Поиск нужного слова, соединение слов, утверждающих ценность человеческого существования, и стали главным делом Леонида Зорина и его счастьем. В конце книги приводятся размышления писателя уже на пороге смерти. Они полны восторга и благодарности за все, что было дано.
«И в сотый, и в тысячный раз твержу: нет большего дара, чем дар писательства. Как мне отчаянно повезло, какое выпало упоение, какой высокий порыв души, я одолел притяжение почвы и наконец-то обрел пространство.
Мне хорошо, мне так хорошо, легко, свободно, какое чудо! Написать и не расплескать, как счастлив я, что рожден писателем, что я составляю единое целое с письменным столом и пером, нет уз, нет тьмы, лишь свет и свобода. На этом я и поставлю точку. Спасибо, я счастлив. Все хорошо».
Откуда же черпаются эти свет и свобода, из чего они сотканы, наконец? Из радости творчества, из восторга создавать с помощью слов новые вселенные и утверждения своего человеческого достоинства.
Вот какой путь придумал себе один талантливый мальчик из города Баку. И, что самое интересное, воплотил свои детские замыслы и прошел этим путем, ни разу не уклонившись, до конца.
Мастерская Волина
Диалоги
1
Не верилось, что я доживу до этих драматических лет, когда попросят меня поделиться воспоминаниями о Волине.

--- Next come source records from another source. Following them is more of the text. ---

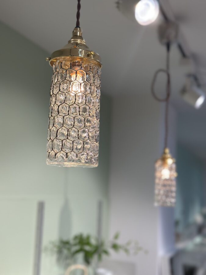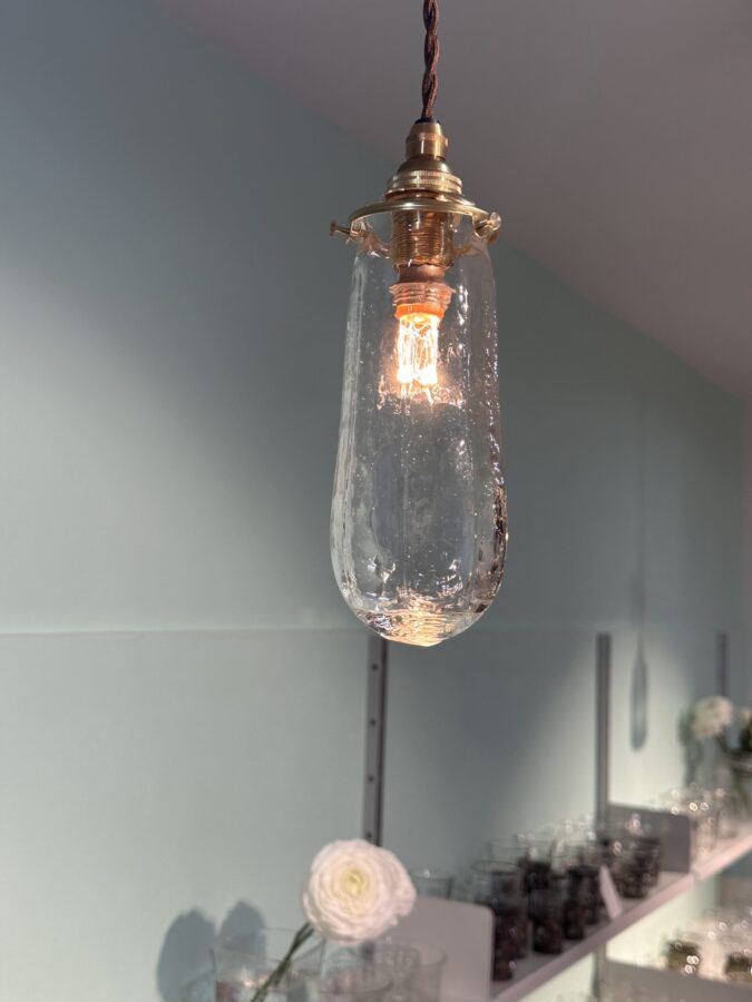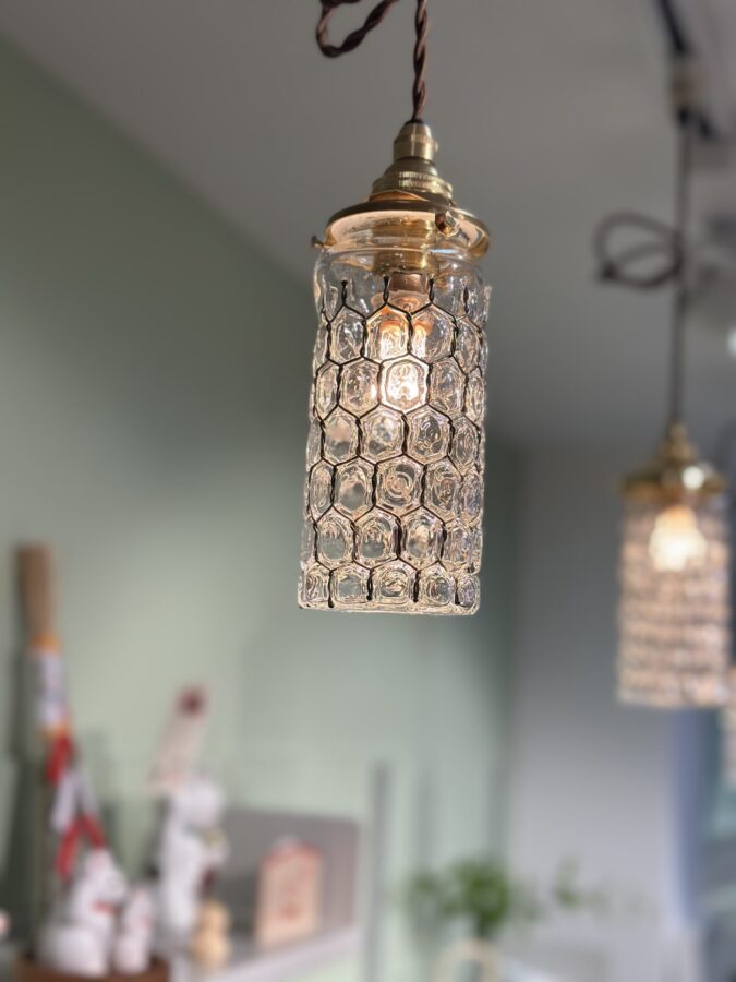 初日と2日目で売れてしまっていた、安土さんと京都の手仕事コラボの金網のランプ、大1点と小2点が再入荷しました。新作のランプも2点入荷、特徴的で、吹きガラスらしさが出た逸品の新作です。
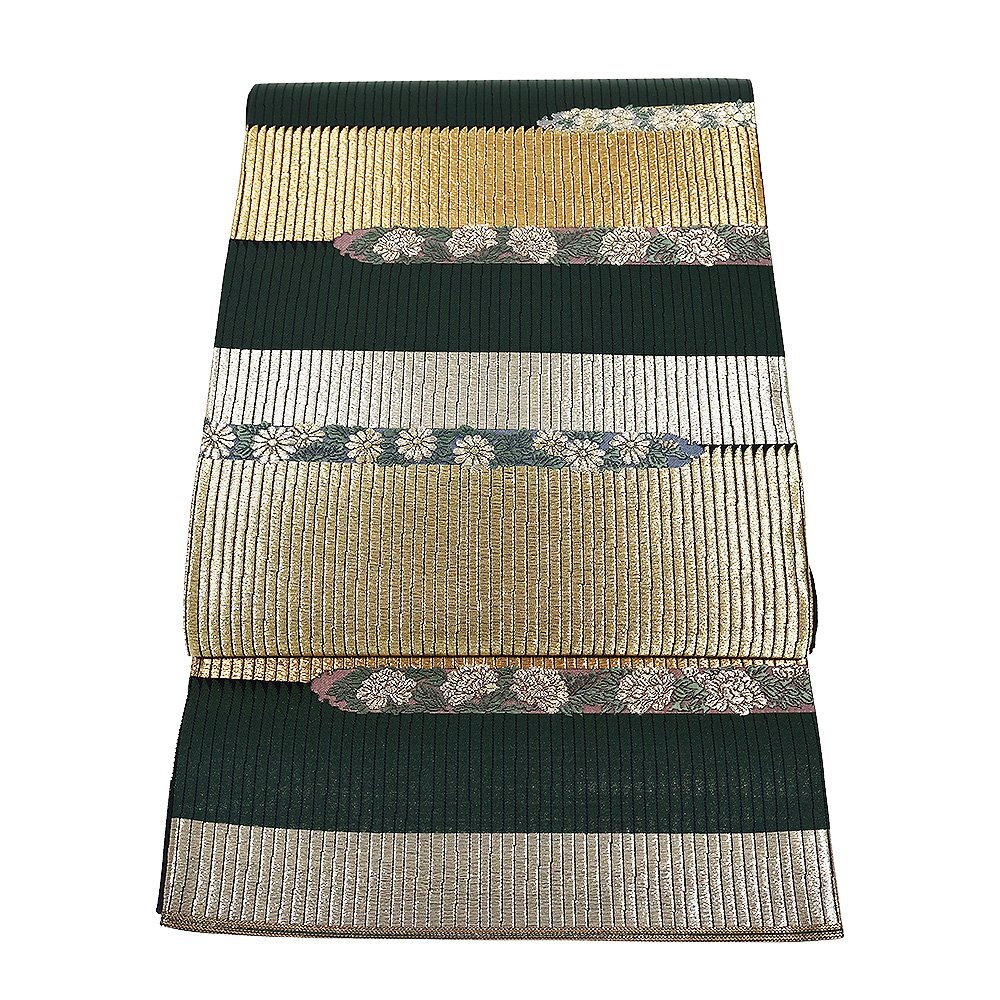 | 西陣織袋帯 鎧段文 金・銀・緑・縞地 鎧段文文 桜・牡丹・菊・霞文 未使用品 仕立て上がり |
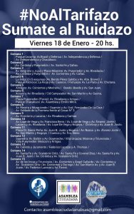 El viernes 18 de enero a las 20 horas se realizará una nueva protesta en distintos puntos de la Ciudad Autónoma de Buenos Aires y en el resto del país. La misma está convocada por el Observatorio del Derecho a la Ciudad, el Movimiento Comunero y la Asamblea Ciudadana. Por su parte, la CTAA Capital participará a través de sus Regionales Centro, Norte y Sur.
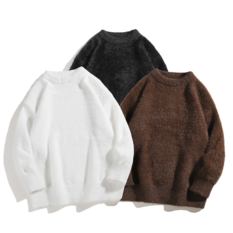 ミンクの毛のセーターの男性の秋冬の潮の純色のゆったりしている頭の新型の怠惰な風のカップルの柔らかいモチモチのニット
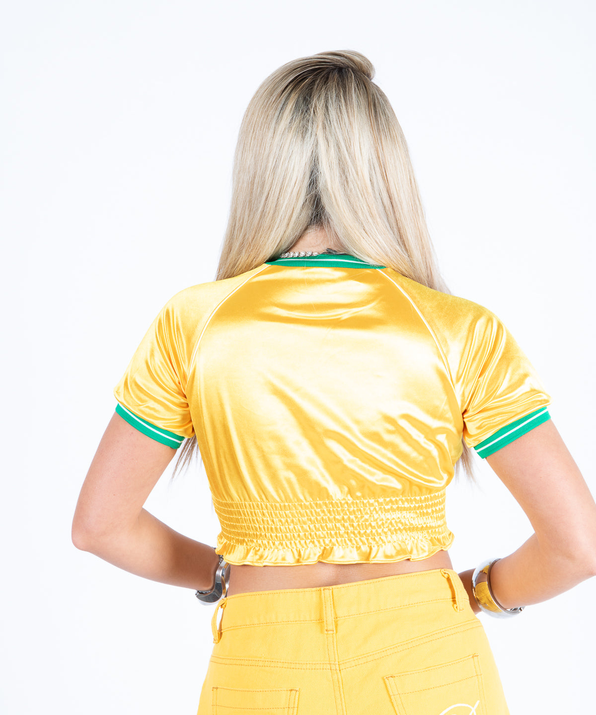 Yellow Ruched Varsity Cropped Tee
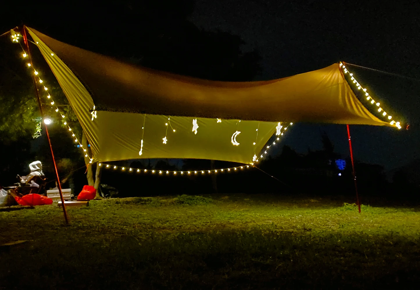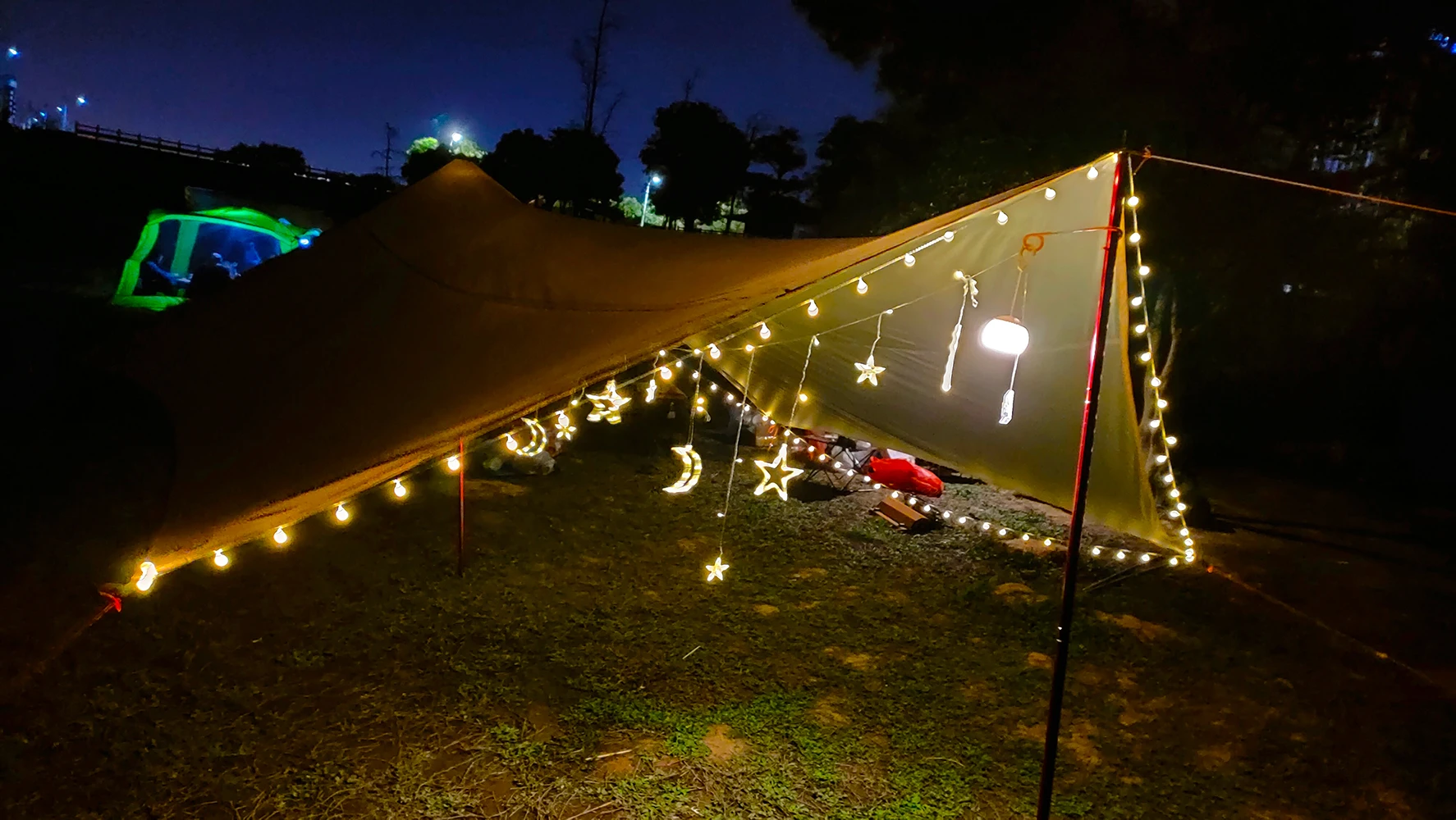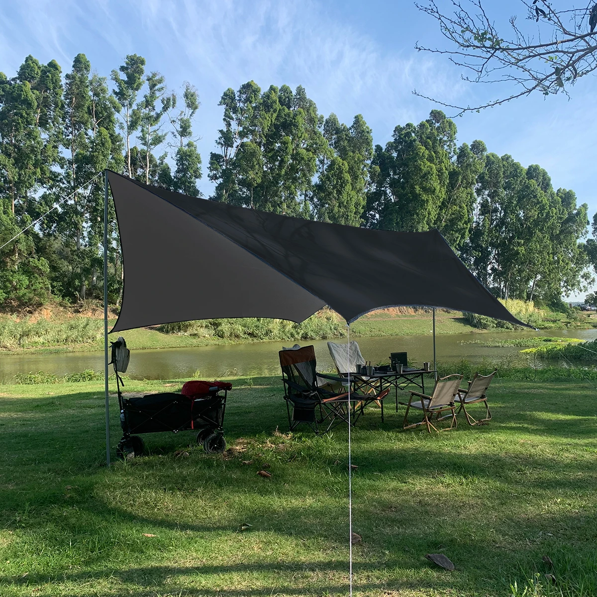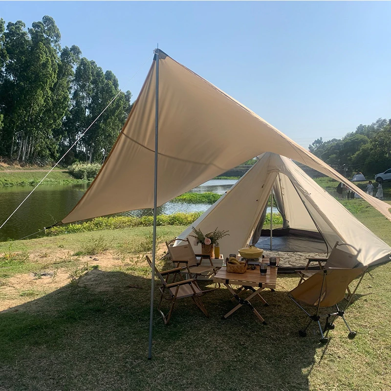 Artículo: lona hexagonal Tamaño: 4,5 m x 4,5 m Material: 210T poliéster con revestimiento plateado impermeable 3000mm Color: caqui, negro
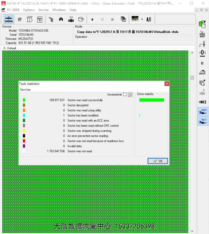 解决方案:收到硬盘后,在无尘环境更换兼容的磁头,再接到专业数据恢复工具ACE PC3000 UDMA EXPRESS上,通电硬盘正常认盘,备份好固件,DE分头镜像,最后客户硬盘内的重要数据基本完美恢复!
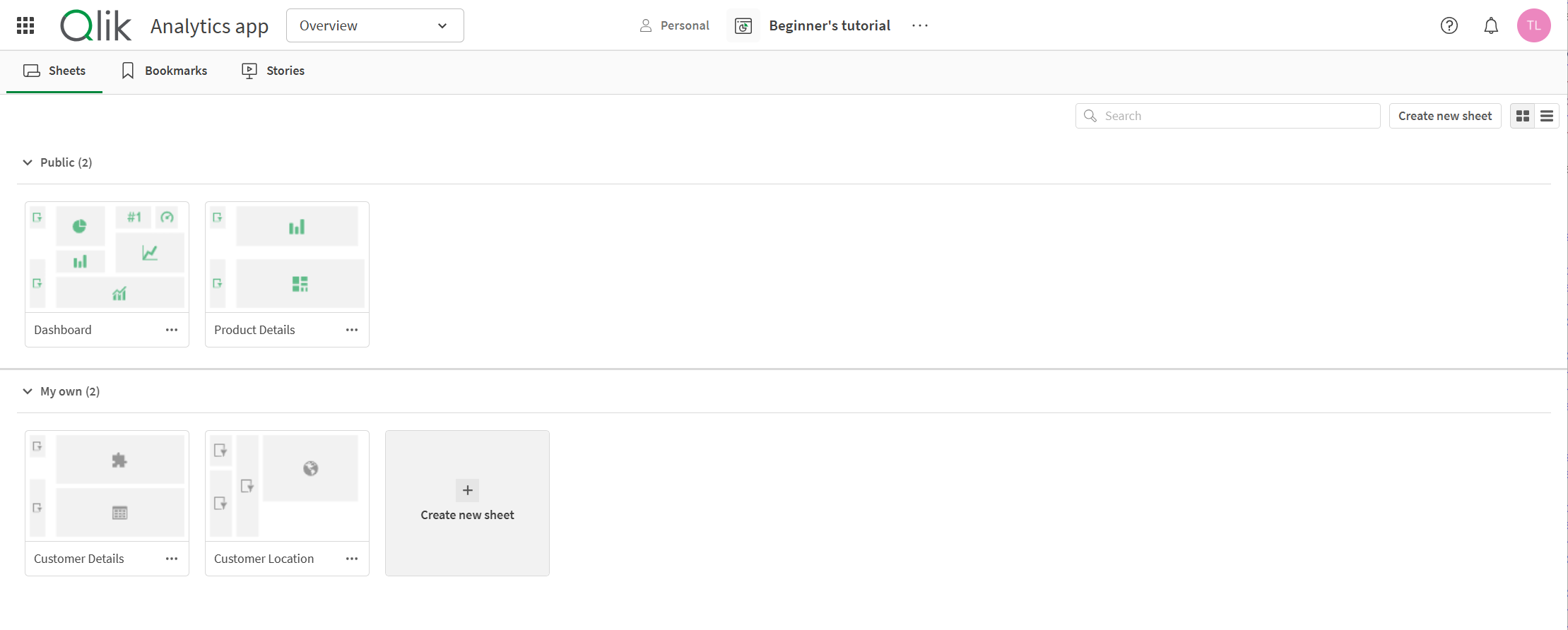 앱 개요에서 시트, 북마크 및 스토리를 관리합니다.
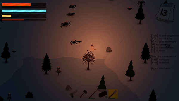 In a remote, snowbound wilderness, you're thrust into the unforgiving reality of survival. The last member of a doomed expedition, your objective is as haunting as the icy landscape around you: find and photograph the 13 fallen explorers who came before you, their bodies now scattered and frozen in time. But survival here is a delicate balance between life and death, demanding constant vigilance, resourcefulness, and grit.
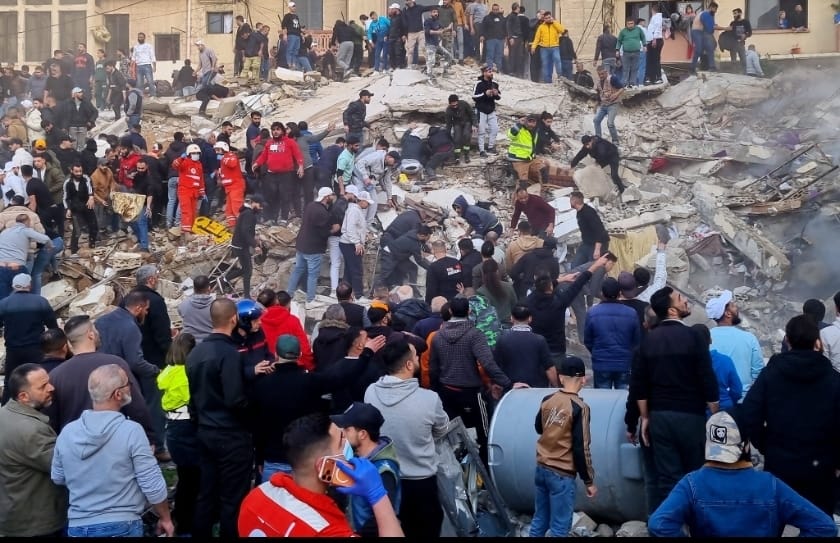 بين الركام تتداخل الصدمة بالأمل، وعيون تبحث عن ناجين تحت غبار الفاجعة.
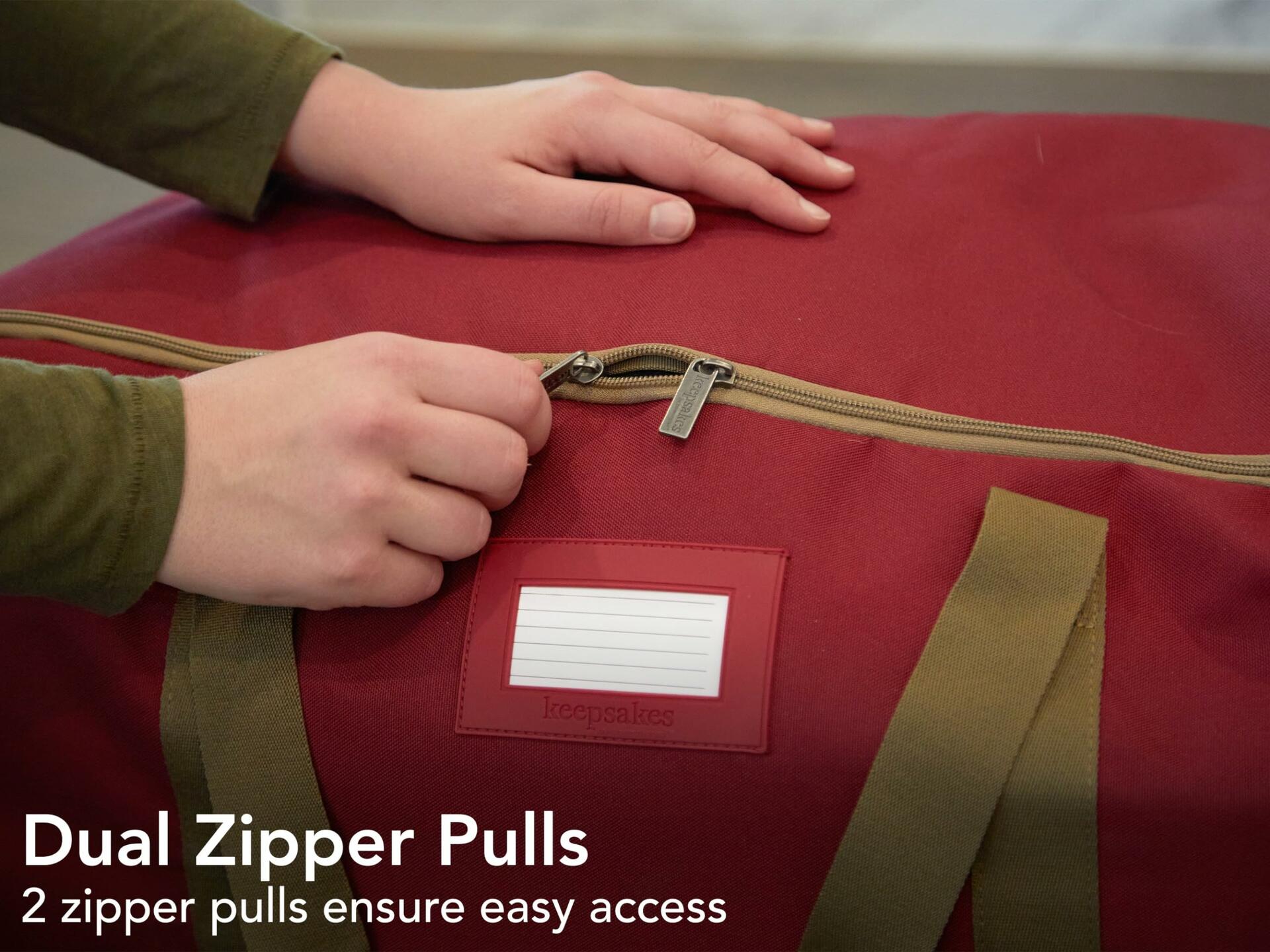 - Heavy-Duty Christmas Tree Bag - Crafted for strength and durability, this thick polyester bag resists punctures and tears from branches. Reinforced carrying handles allow for easy transport, while a heavy-duty D-ring offers convenient upright storage.
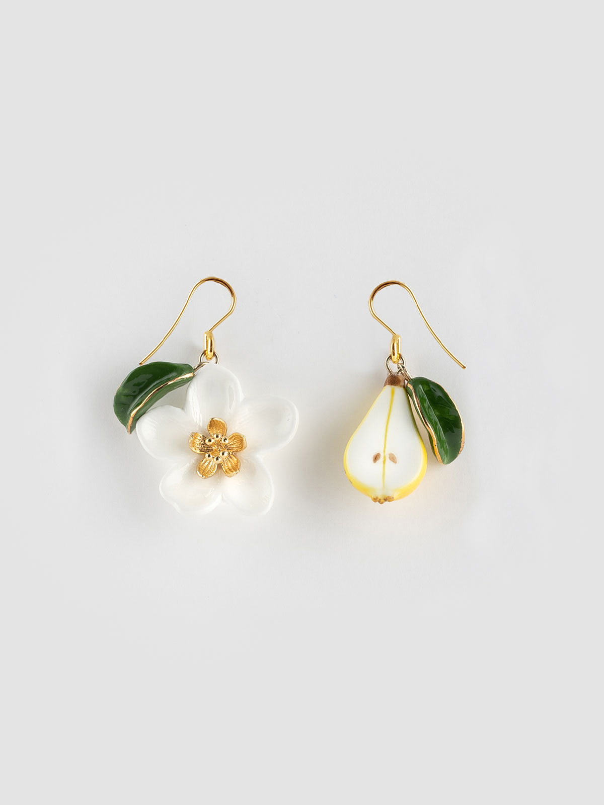 Orecchini con fiori di pero, pera e foglia
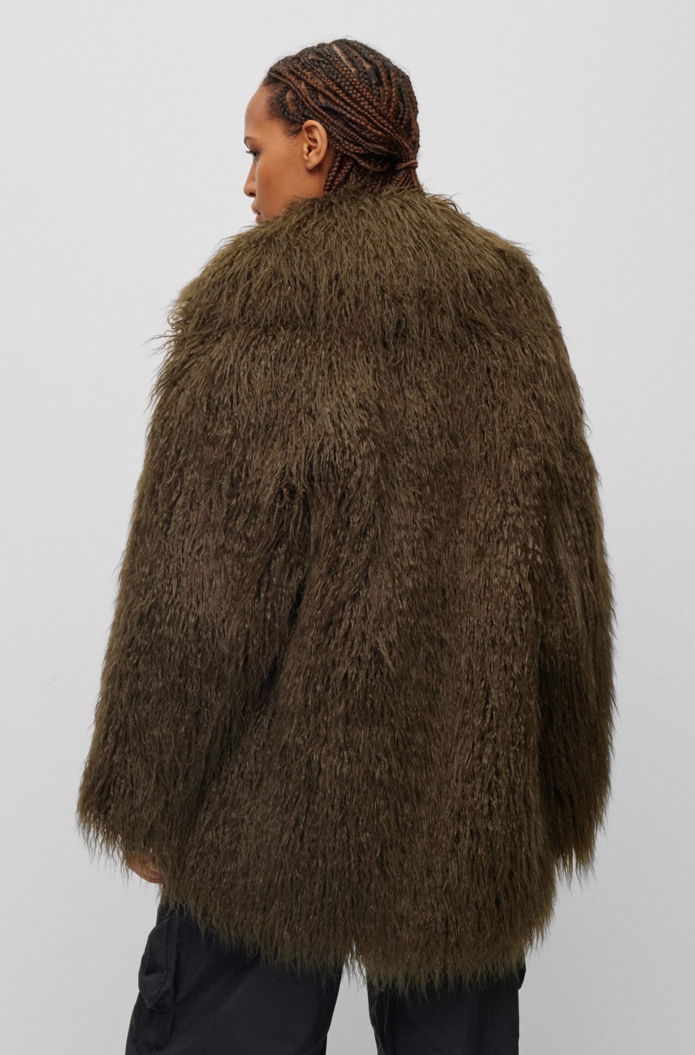 HUGO Relaxed fit jacket in faux fur with stacked logo
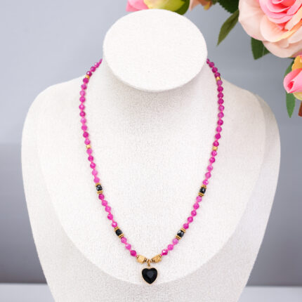 Naszyjnik różowy jadeit serce
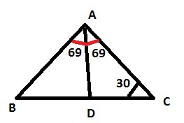 В треугольнике ABC. AD-биссектриса, угол C равен 30 градусо, угол BAD равен 69 градусов. Найдите угол ADB.

Ушел он до срока, хотя положено считать его годы вполне естественными для неизбежного расставания. Когда-то нас разделяли с ним более пятнадцати лет – теперь я гораздо старше него. Никак я к этому не привыкну – всегда ведь смотрела снизу вверх.
И грустно мне нынче, зачем скрывать? Странно устроена наша жизнь – иной раз от добрых новостей (а интерес к нему – добрая весть) печалишься более, чем от дурных. Может быть, тут виной мои годы – смещают и ракурс, и восприятие. Теперь он мне кажется молодым.
К тому же даровитые люди неведомым образом ухитряются почти до седых волос сохранять столь неуместную инфантильность. Она, кстати, выглядит так же курьезно, как затянувшаяся девственность у нашей сестры – и с целомудрием расстаться следует своевременно.
Вы просите написать о том, что мне запомнилось о Волине. Тут возникает и та опасность, что надо будет говорить о себе. Старые дамы не прочь намекнуть, что, если б не их безупречный такт, они бы доходчиво объяснили, кому в самом деле обязан читатель.
Однако меня ничуть не прельщают сомнительные лавры Авиловой, хоть ей удалось запудрить мозги даже весьма ядовитому Бунину. Он сразу признал, что мемуаристка была потаенной любовью Чехова.
Вполне возможно, что Бунин лукавил. Его очевидная неприязнь к Ольге Леонардовне Книппер могла побудить его вдруг припрятать свои беспощадные коготки и неожиданно изобразить не свойственное ему простодушие.
Я, впрочем, не хочу комментировать биографии знаменитых людей. Особая зона: я убедилась, что в ней происходит своя игра, и часто это – игра без правил.
А мне, как вы знаете, много лет, но мало сил, чтобы блуждать в лабиринтах. Я не спешу занять место в очереди. Я попросту расскажу, что я помню, и поделюсь с вами тем, что думаю. И его юность, и его молодость достались другим, я была с ним рядом уже в достаточно зрелую пору.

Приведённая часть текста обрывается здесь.